KASK Fiber-glass malzemeden meydana getirilen kaskların içinde yer edinen koruma kafesi güvenliği en üst seviyeye çıkarıyor. Ayrıca hafifçe olan bu kaskların içinde yanmaz bir kaplama kullanılıyor. Biroldukca maden ocağında kullanılan kasklar plastik malzemeden yapılıyor. İçinde hiçbir koruma bulunmayan bu kaskların güvenlik seviyesi oldukça düşük.

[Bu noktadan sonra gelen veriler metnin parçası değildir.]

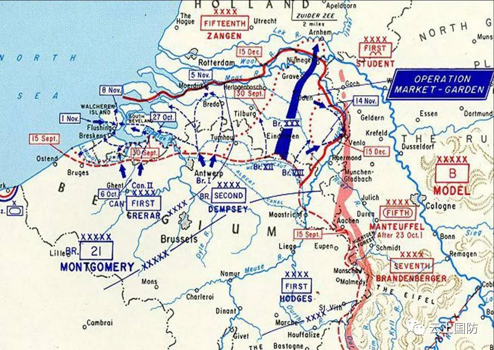 虽然受到后勤补给的制约,盟军进攻的锋芒有所削弱,但是随着巴顿率领的美第3集团军在法兰西平原上对撤退德军的大规模追击作战的顺利进行,盟军上下先前弥漫的乐观情绪又有所抬头。为了从北面迂回齐格菲防线,直取德国鲁尔工业区,以便在“圣诞节前结束战争”(西方老拿圣诞节说事,1950年麦克阿瑟也这么说),一向以谨慎著称的英军蒙哥马利元帅,继先前受到天气的影响而被取消的“彗星行动”后,又提出了一个代号为“市场花园”的大胆而冒险的计划。这一行动旨在夺取跨越莱茵河、瓦尔河等河流上的一系列重要桥梁后,从荷兰直插德国腹地,争取在1944年圣诞节前结束欧洲战场作战。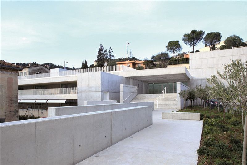 兒童日托中心和山坡之間形成了一個(gè)空間,因此設(shè)計(jì)者利用封閉式的天窗設(shè)計(jì)一直延長(zhǎng)到與北側(cè)建筑互相連接。站在中庭當(dāng)中,我們能夠?yàn)g覽到山坡上整個(gè)建筑的環(huán)境。這家日托中心室內(nèi)外的自然環(huán)境聯(lián)系,真如同天空與大地的環(huán)境聯(lián)系一樣。隨著利用凝土墻將公路的封閉,使環(huán)境既保留了建筑的特點(diǎn),又是景觀(guān)具有獨(dú)立性,設(shè)計(jì)團(tuán)隊(duì)在針對(duì)日托中心的視覺(jué)朝向進(jìn)行設(shè)計(jì)時(shí),堅(jiān)持了認(rèn)真和謹(jǐn)慎的觀(guān)點(diǎn)。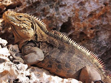 Iguana cubana: Este reptil, endémico de Cuba, habita en lugares pedregosos, próximos a las costas y en los cayos de las provincias centrales del archipiélago cubano, también en los manglares donde tiene una variada dieta herbívora e incluso insectos y otros alimentos de origen animal. Nada y bucea muy bien, lo que le ha permitido distribuirse por casi todas las zonas costeras de la isla, generalmente aisladas y despobladas. Es una especie amenazada de extinción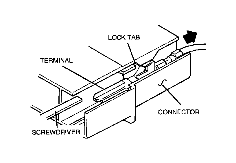 Insert a push-tool, or thin piece of metal such as a small screwdriver, from the terminal side of the connector, and then with the locking tabs pressed down, pull the terminal out from the rear side of the connector.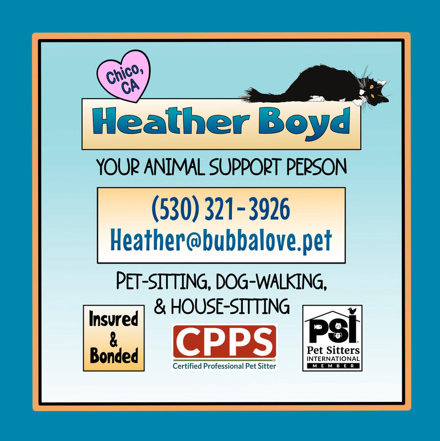 My name is Heather Boyd, and I provide personalized, in-home pet-sitting and dog-walking in Chico, CA. I became interested in professional pet-sitting after having a bad experience with some neighbors taking care of my cats while I was on vacation. I know how stressful it can be to leave a beloved pet in someone else’s hands. My mission is to provide peace of mind to people by giving reliable, thoughtful, and nurturing care to their animals.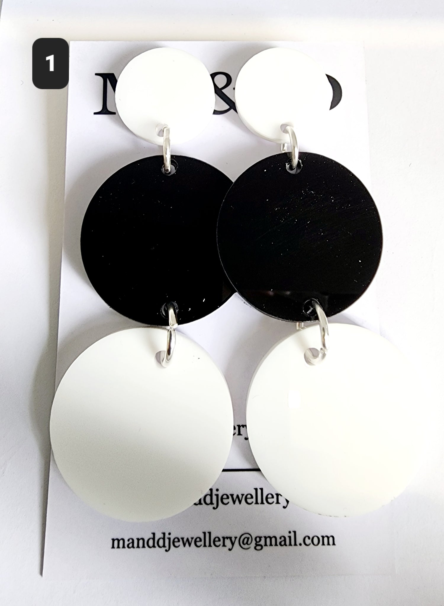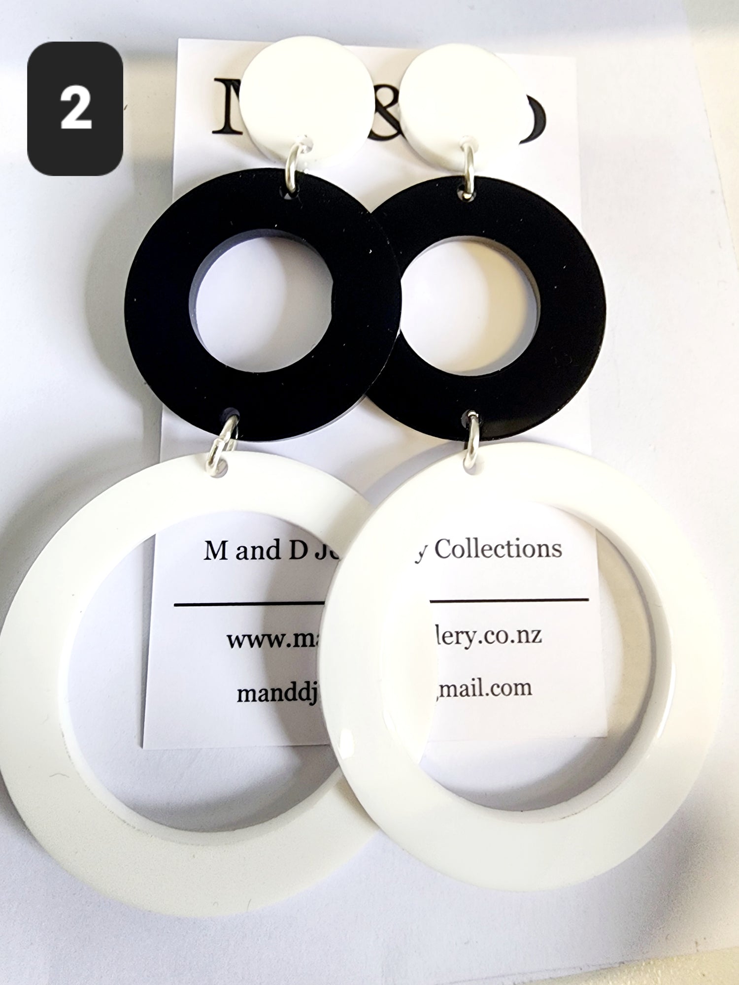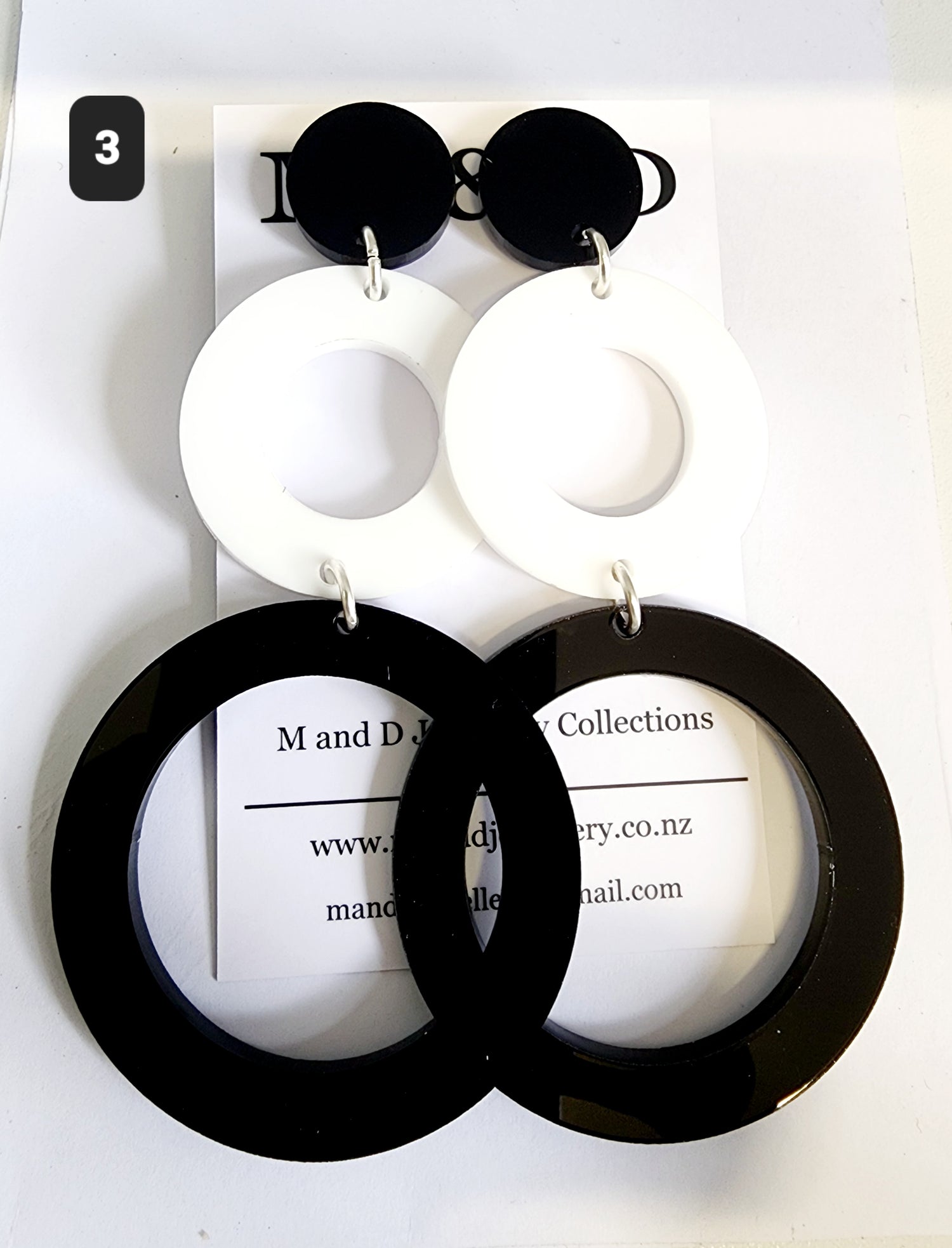 Beautiful Striking Black.White earrings. A classic and ever stylish combination.

MASKE Felaket anlarında madencilerin can simidi olan maskelerde yer edinen hususi filtreler, karbonmonoksiti süzüyor. Böylece madencilerin nefes alabilmesi sağlanıyor. Türkiye’deki madencilerde çoğu zaman karbonmonoksit filtreli maske bulunmuyor.
FENER Kasklara monte edilen fenerde azca enerji harcayan 5 wattlık LED teknolojisi kullanılıyor. Bu ışıklar enerjisini madencilerin kemerlerindeki bataryalardan alıyor. Kasklarda yer edinen ampullerde akkor teknolojisi kullanıldığı için enerji tüketimi daha çok ve ömrü daha kısa.
TULUM Yangınlara karşı dayanıklı olarak tasarlanan tulumlar, hususi bir yağlı kumaştan yapılıyor. Anti statik özelliğe de haiz olan tulumların diz ve dirsek bölgelerinde koruma tamponları bulunuyor. Kumaştan dikilen tulumların, yangına karşıla dayanıklılığı bulunmuyor. Bu yüzden madencilere extra bir güvenlik sağlamaktan uzak.
SAAT Madencilerin kaç metre derine indiğini gösteriyor. Bazı saatlerdeyse nabız ölçme özelliği de bulunuyor. Fiyatları 400 TL civarında. Türkiye’deki madenciler daha oldukca 20 TL tutarındaki Casio F-91W kullanıyor. Elektronik olan modelin en büyük özelliği ışıklandırması.
KEMER Madencilerin en dirimsel donanımları kemerlerinde bulunuyor. Kontrol odası kemerlerin üstünde bulunan cihazlarla madencileri takip ediyor. Türkiye’deki madencilerin kemerlerinde bir tek kaskta yer edinen fenerin bataryası bulunuyor. Farklı bir aygıt yer almıyor.
İLETİŞİM Madenciler denetim odası ve öteki madencilerle iletişime geçebiliyor. Fiber altyapı yardımıyla görüşmeler kesintisiz yapılabiliyor. İletişim için bir araçları bulunmuyor. Sadece amirlerde bulunan telsizler kullanılabiliyor.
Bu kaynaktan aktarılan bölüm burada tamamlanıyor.